Skip the pictures and repeat each line of the data exactly.

→ **Provided data**
══════════

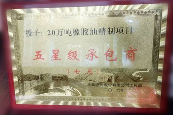 近日,在中海瀝青股份有限公司組織評(píng)選的“優(yōu)秀承包商”活動(dòng)中,南京機(jī)械廠20萬噸/年橡膠油技改項(xiàng)目部榮獲“五星級(jí)承包商”稱號(hào)。
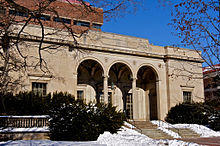 By 1915, the overcrowded, wood-constructed General Library was designated a fire hazard by the Board of Regents.[5] After this, a new building was finally constructed. Designed by architect Albert Kahn, the library building (which is today the north building of the Harlan Hatcher Graduate Library) was dedicated on January 7, 1920.[5] The same year, Professor Francis W. Kelsey (who founded the university's Kelsey Museum of Archaeology) added 617 ancient Egyptian papyri to the university's holdings, beginning the University of Michigan Papyrus Collection, which became the largest in the Americas.[5]
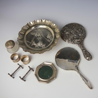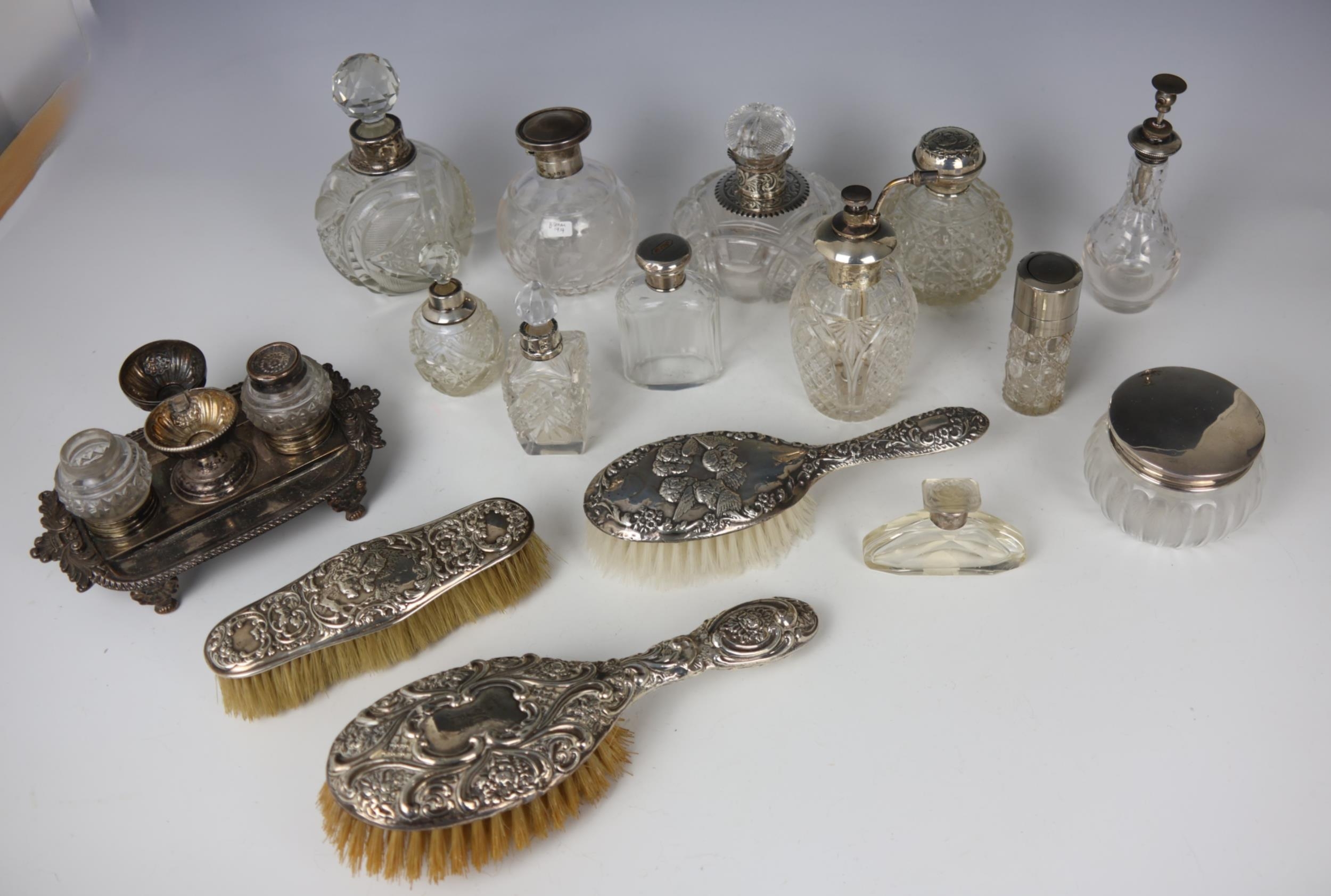 A large selection of 19th/20th century silver mounted dressing table jars, of various shapes and sizes, including examples with embossed silver collars, with silver mounted dressing table part set, a silver plated desk tidy and further silver and silver plated pieces (qty) (at fault)

══════════

→ **Answer to this exercise**
 近日,在中海瀝青股份有限公司組織評(píng)選的“優(yōu)秀承包商”活動(dòng)中,南京機(jī)械廠20萬噸/年橡膠油技改項(xiàng)目部榮獲“五星級(jí)承包商”稱號(hào)。
 By 1915, the overcrowded, wood-constructed General Library was designated a fire hazard by the Board of Regents.[5] After this, a new building was finally constructed. Designed by architect Albert Kahn, the library building (which is today the north building of the Harlan Hatcher Graduate Library) was dedicated on January 7, 1920.[5] The same year, Professor Francis W. Kelsey (who founded the university's Kelsey Museum of Archaeology) added 617 ancient Egyptian papyri to the university's holdings, beginning the University of Michigan Papyrus Collection, which became the largest in the Americas.[5]
 A large selection of 19th/20th century silver mounted dressing table jars, of various shapes and sizes, including examples with embossed silver collars, with silver mounted dressing table part set, a silver plated desk tidy and further silver and silver plated pieces (qty) (at fault)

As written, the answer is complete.